* [What to produce]: Give back an exact copy of the listing that follows, without the pictures.

* [Collected material]:
------------------------------------------------------------

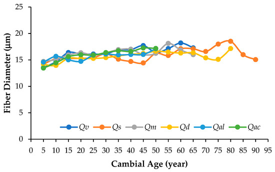 The widest fiber diameter in both juvenile and mature wood was observed in Qv with 15.8 μm and 17.2 μm, respectively, whereas the narrowest values were observed in Qd for juvenile wood with 14.9 μm and Qs for mature wood with 15.9 μm. In line with the juvenile and mature wood results, Qv exhibited the widest fibers at 16.4 μm, whereas Qd displayed the narrowest fibers at 15.6 μm. There was a significant difference in fiber diameter between the species, except between Qv and Qm, as well as between Qd, Qs, and Qal.
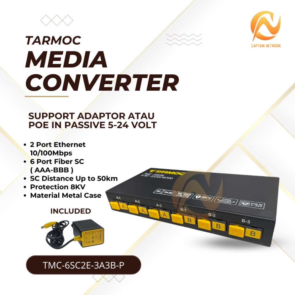 Tarmoc TMC-6SC2E-3A3B-P Media Converter Switch 6SC 2LAN / 6 SC 2 LAN 10/100Mbps POE IN 5-24 Volt 6FO 2LAN / 6 FO 2 LAN
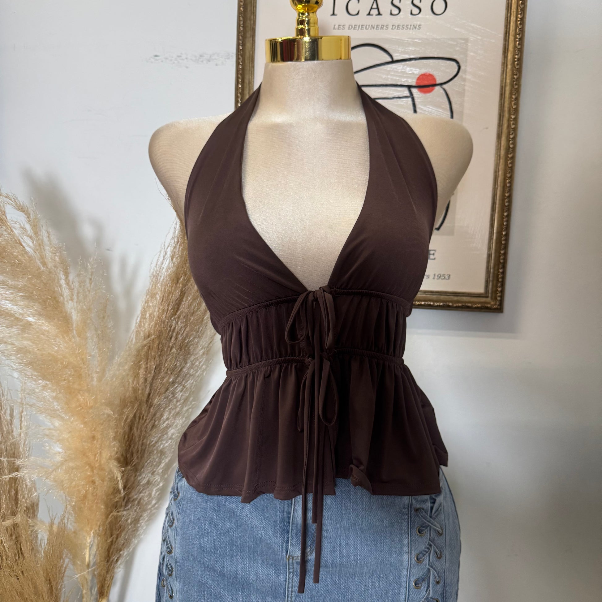 Halter Front Tie Venechia Top-Brown
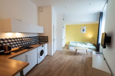 Moderne et lumineux 🌟, ce studio dispose d’un lit gigogne 🛏️ permettant d’accueillir jusqu’à deux personnes.

------------------------------------------------------------

* [Answer section]:
 The widest fiber diameter in both juvenile and mature wood was observed in Qv with 15.8 μm and 17.2 μm, respectively, whereas the narrowest values were observed in Qd for juvenile wood with 14.9 μm and Qs for mature wood with 15.9 μm. In line with the juvenile and mature wood results, Qv exhibited the widest fibers at 16.4 μm, whereas Qd displayed the narrowest fibers at 15.6 μm. There was a significant difference in fiber diameter between the species, except between Qv and Qm, as well as between Qd, Qs, and Qal.
 Tarmoc TMC-6SC2E-3A3B-P Media Converter Switch 6SC 2LAN / 6 SC 2 LAN 10/100Mbps POE IN 5-24 Volt 6FO 2LAN / 6 FO 2 LAN
 Halter Front Tie Venechia Top-Brown
 Moderne et lumineux 🌟, ce studio dispose d’un lit gigogne 🛏️ permettant d’accueillir jusqu’à deux personnes.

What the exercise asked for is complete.